◆ **Goal of the exercise**:
Beginning with the line that contains "وأضاف البيان الصادر", transcribe the rest of the listing below exactly, including its last line, and exclude any pictures.

◆ **Data below**:
--------------------------------

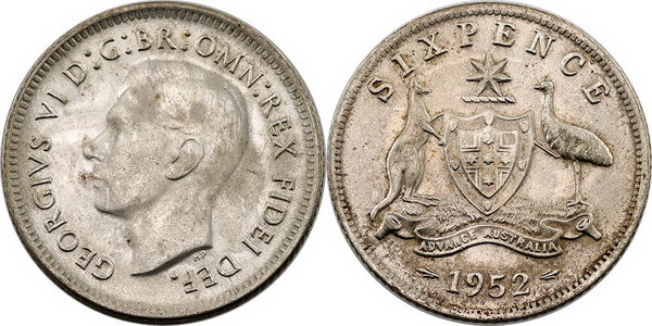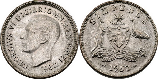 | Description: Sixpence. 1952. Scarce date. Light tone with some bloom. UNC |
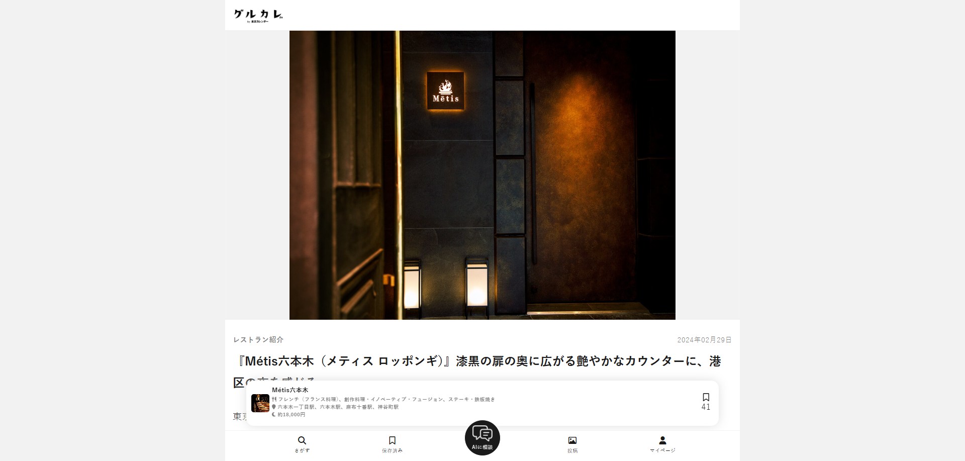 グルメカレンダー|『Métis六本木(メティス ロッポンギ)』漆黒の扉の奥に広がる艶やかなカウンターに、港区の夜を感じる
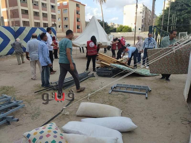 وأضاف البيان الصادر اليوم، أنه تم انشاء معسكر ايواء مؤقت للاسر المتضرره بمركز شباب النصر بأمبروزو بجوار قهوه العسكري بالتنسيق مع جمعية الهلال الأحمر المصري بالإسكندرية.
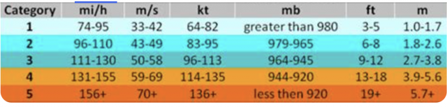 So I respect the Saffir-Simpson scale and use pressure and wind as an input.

--------------------------------

◆ **Completed exercise**:
 وأضاف البيان الصادر اليوم، أنه تم انشاء معسكر ايواء مؤقت للاسر المتضرره بمركز شباب النصر بأمبروزو بجوار قهوه العسكري بالتنسيق مع جمعية الهلال الأحمر المصري بالإسكندرية.
 So I respect the Saffir-Simpson scale and use pressure and wind as an input.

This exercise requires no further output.